Früher als das Spielzeug noch nicht so reichlich vorhanden war und der Niedergang alter Erwerbszweige, wie zB. das Weben (welches in Niedernhausen auch ausgeübt wurde – man denke in diesem Zusammenhang an die Schnurrgasse in Niedernhausen oder auch an den Hausnamen “`s Wewwersch” was auf die 4 Generationen Buß in diesem Haus zurückzuführen ist welche allesamt hier das Leinweberhandwerk ausübten oder auch der hiermit zusammenhängende Flachsanbau (noch heute erinnern Namen wie Hechler oder Standortbezeichnungen wie Flachskaute an diese alten Tätigkeiten). Gleichzeitig stieg die Bevölkerungszahl kontinuierlich an und die Menschen benötigten allesamt ihr Auskommen. Industrie, wie wir sie heute kennen, gab es damals noch nicht in unserer Region so versuchte man sich in kleinen Handwerken um seinen Lebensunterhalt zu verdienen.

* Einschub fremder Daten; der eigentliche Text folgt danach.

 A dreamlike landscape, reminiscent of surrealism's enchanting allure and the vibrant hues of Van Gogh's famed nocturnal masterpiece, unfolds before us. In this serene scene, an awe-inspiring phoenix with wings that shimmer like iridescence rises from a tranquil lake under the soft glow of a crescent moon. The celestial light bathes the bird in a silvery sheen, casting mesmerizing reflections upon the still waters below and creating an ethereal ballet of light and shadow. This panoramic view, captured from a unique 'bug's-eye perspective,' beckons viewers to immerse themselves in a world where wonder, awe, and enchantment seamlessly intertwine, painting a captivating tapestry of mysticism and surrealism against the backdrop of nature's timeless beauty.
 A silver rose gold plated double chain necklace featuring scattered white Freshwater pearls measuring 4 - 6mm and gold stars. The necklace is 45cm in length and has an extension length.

Wie das Gäulchesmacherhandwerk (wenn man es so nennen will) nach Niedernhausen gelangt ist kann an dieser Stelle nicht erklärt werden, eventuell hat irgendein Geselle dieses Handwerk aus dem Nürnberger Raum hierher gebracht – Spekulation. In der zweiten Hälfte des 19. Jahrhunderts jedoch begann man wohl in Niedernhausen in verschiedenen “Familienbetrieben” damit Spielwaren aus Holz herzustellen. Zumeist waren dies Gäulchen in allen Größen, Gäulchen mit angehängten Wagen, Schaukelpferde usw. Einen Meister brauchte es bei diesem Handwerk nicht – es handelte sich zunächst wohl um familiäre Einheiten bei der jede Hand unterstützte um zum Lebensunterhalt der Familie bei- zutragen. Um die Jahrhundertwende zum 20. Jahrhundert gab es bis zu 20 Handwerksbetriebe in Niedernhausen welche sich mit diesem Handwerk beschäftigten.

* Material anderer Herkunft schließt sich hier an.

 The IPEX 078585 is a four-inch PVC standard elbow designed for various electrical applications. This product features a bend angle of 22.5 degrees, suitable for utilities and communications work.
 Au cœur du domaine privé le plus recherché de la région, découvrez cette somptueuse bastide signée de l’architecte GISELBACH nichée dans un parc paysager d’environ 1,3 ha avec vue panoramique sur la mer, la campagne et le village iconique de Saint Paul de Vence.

Ein typisches Gäulchen wurde damals aus Erlenholz erschaffen – die angehängten Wagen waren aus Espenholz. In den, sehr oft nur kleinen, Werkstätten wurde dann der Rumpf gedreht, mit der Schnitzbank gearbeitet und später geleimt und bemalt. Der Schwanz der Pferde bestand aus Hanf.

Einige der damaligen Handwerker in Niedernhausen sind namentlich bekannt: “Philipp Becker, Georg Becker, Adam Becker, Philipp Hechler, Georg Marquard, Friedrich Walter Michael Hörr, Georg Beilstein, Georg Meisenbach, Philipp Späth, Franz Diehl, Fritz Schwebel, Adam Beilstein, Fritz Späth” u.a. (wie sich Ludwig Hechler erinnerte). Der bekannte Odenwald- Forscher, Sanitätsrat Maurer, hat unter seinen heute noch bekannten Bildern auch das Handwerk der Gäulchesmacher in Niedernhausen festgehalten.

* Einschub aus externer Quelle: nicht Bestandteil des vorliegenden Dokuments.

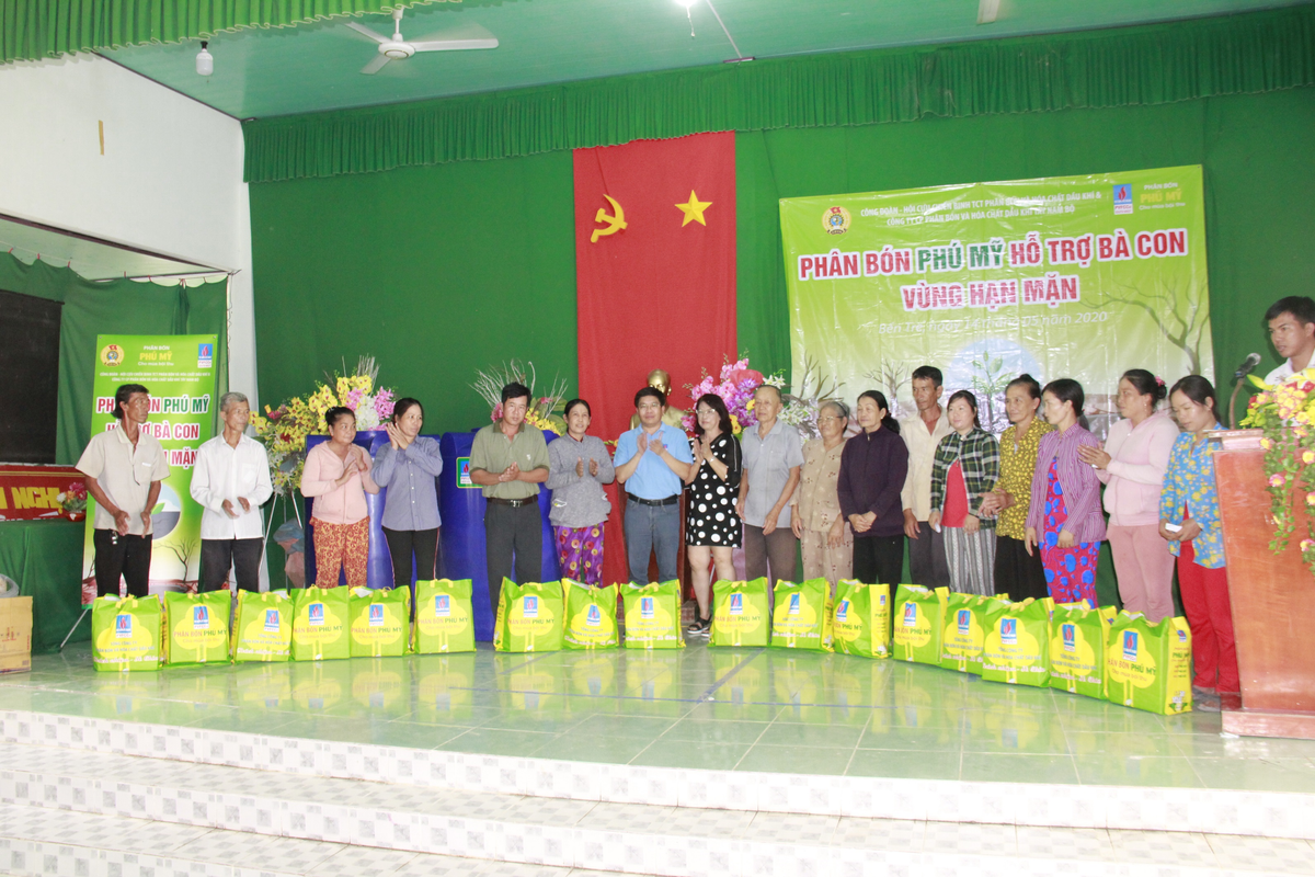 Cụ thể, ngày 14/05, Công đoàn PVFCCo phối hợp cùng Hội cựu chiến binh PVFCCo, Công ty CP Phân bón và Hóa chất Dầu khí Tây Nam bộ (PVFCCo SW) cùng 2 đại lý phân phối phân bón Phú Mỹ tại Bến Tre tổ chức chương trình trao tặng bồn chứa nước và các phần quà cho nhiều hộ gia đình chính sách, gặp khó khăn do ảnh hưởng của hạn mặn tại một số xã thuộc huyện Thạnh Phú, tỉnh Bến Tre.

Um 1850 gab es im Kreis Dieburg 10 Betriebe in diesem Gewerbe, rund 30 Jahre später waren es nur vier mehr aber um 1900 blühte das Handwerk und es gab immerhin 25 Betriebe im Kreis – wovon die meisten in Niedernhausen zu finden waren. Doch schon um 1914 ging die Zahl wieder nach unten und es fanden sich noch 20 Betriebe.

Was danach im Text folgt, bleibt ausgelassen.